Rothschild Redburn upgraded Visa Inc. (NYSE:V) from Neutral to Buy on Wednesday, and simultaneously increased its 12-month price target to $385 from $327. Visa was trading at $325.26 at the time of the report and carries an approximate market capitalization of $622 billion. InvestingPro rates the company with an overall financial health score of "GOOD."
The new target of $385 sits below the Street high of $450 but is well above the current consensus. Rothschild Redburn’s revision rests on a more favorable outlook for network yields and the expansion of value-added services - referred to as VAS - that the firm expects to arise in a so-called "agentic commerce world." The firm said it has raised its EPS estimates for 2028 by roughly 10% to reflect those dynamics.
In its analysis, Rothschild Redburn argues that a more fragmented e-commerce landscape could shift pricing power away from very large merchants and back toward card networks. That change would, in the firm’s view, benefit networks like Visa by enabling stronger yields. At the same time, the firm highlighted that heightened risk associated with agentic commerce would increase demand for cybersecurity and risk-management products, further supporting Visa’s VAS revenue opportunities.
Rothschild Redburn did note rising regulatory pressures and adjusted its valuation assumptions accordingly - raising its weighted average cost of capital from 8% to 8.5%. Despite that increase, the firm concluded that near-term regulatory headwinds are likely to be outweighed by the longer-term growth potential tied to agentic commerce.
On a simple basis, the firm’s $385 target implies roughly 18% upside from the then-current share price, according to Rothschild Redburn’s calculations.
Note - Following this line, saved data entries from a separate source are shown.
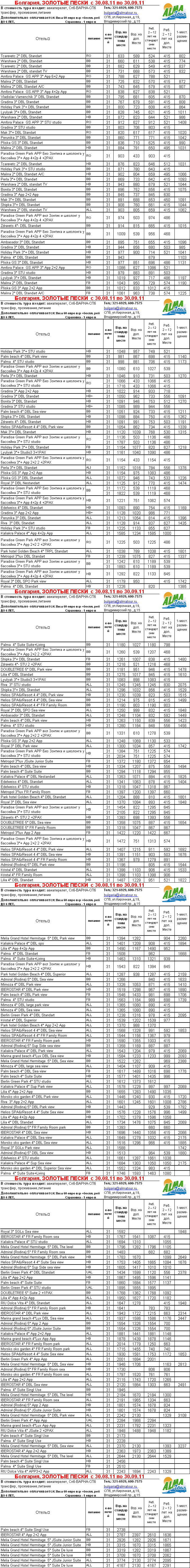 27 Авг 2011 12:58:21 БОЛГАРИЯ. ЗОЛОТЫЕ ПЕСКИ с 30.08.11 по 30.09.11 от фирмы АЛМА ТУР
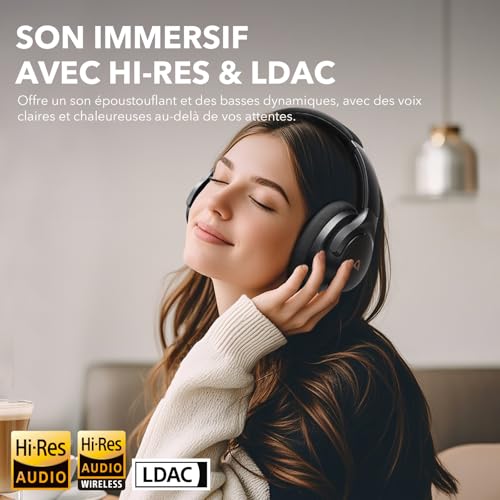 Son haute résolution : Intégrez-vous dans un univers sonore riche et précis avec les haut-parleurs de 40 mm, certifiés Hi-Res avec la technologie LDAC pour une reproduction sonore authentique.
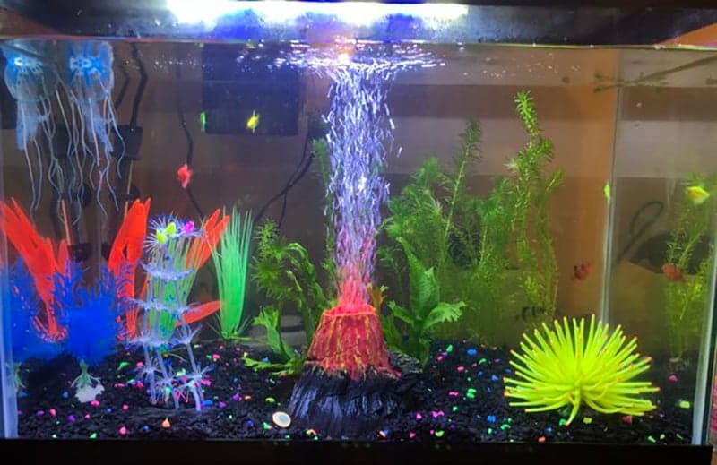 Rawlins says she used all of the items that came from a 20-gallon GloFish starter kit as well as a jellyfish, glow-in-the dark plant and gravel, and a light-up volcano bubbler to make this glow tank come to life. She also added in some live plants to give the fish a place to hide.
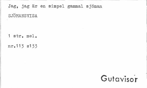 //// Jag, jag är en simpel gammal sjöman SJÖMANSVISA //// 1 str. mel. nr.113 s133 //// Gutavisor ////
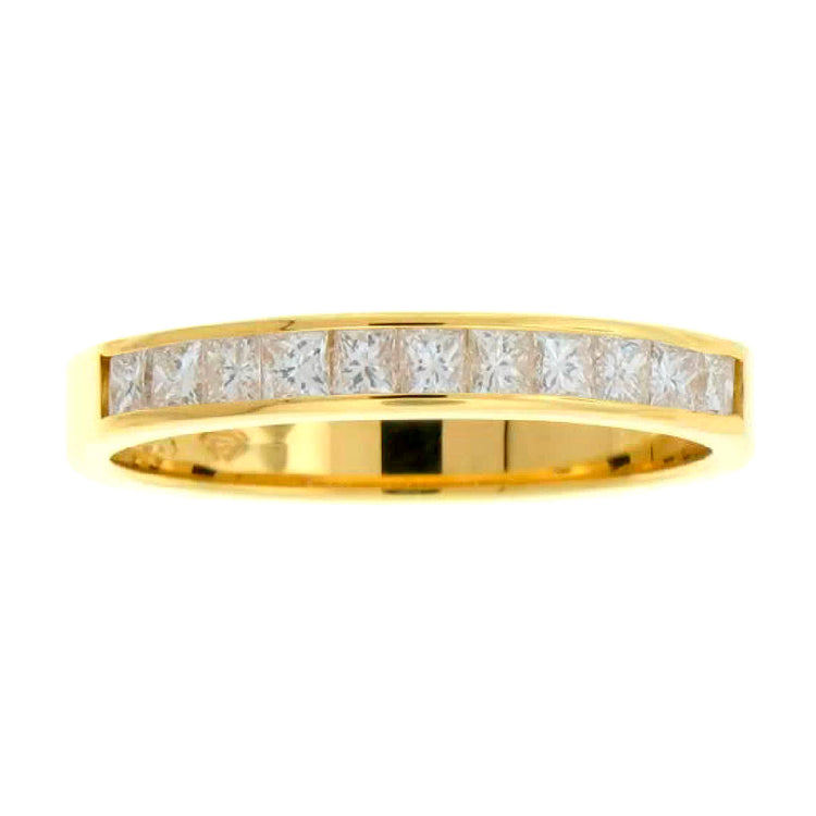 Celebrate your love with this timeless band. Its princess cut diamonds in a channel setting make for a classic and dignified wedding band that will symbolize your commitment. Perfect for those who want to add a touch of sparkle to their special day!

Other broker-dealer activity and strategic developments were also cited alongside Rothschild Redburn’s upgrade. Cantor Fitzgerald initiated coverage with an Overweight rating and set a $400 price target, emphasizing Visa’s entrenched market position and its role as a transaction facilitator. UBS reiterated a Buy rating with a $425 target and flagged possible acceleration in net revenue growth by fiscal year 2026.
Separately, reports indicate Apple is in discussions with Visa and Mastercard about launching a digital payments service in India, with a phased rollout targeted for 2026 pending regulatory and commercial approvals. Morgan Stanley has also singled out Visa as one of several payments stocks likely to benefit from improved fraud detection tools and growing cross-border e-commerce activity by 2026.
Taken together, these analyst actions and strategic discussions reflect continued confidence among multiple firms in Visa’s market position and growth potential, even as regulatory scrutiny intensifies.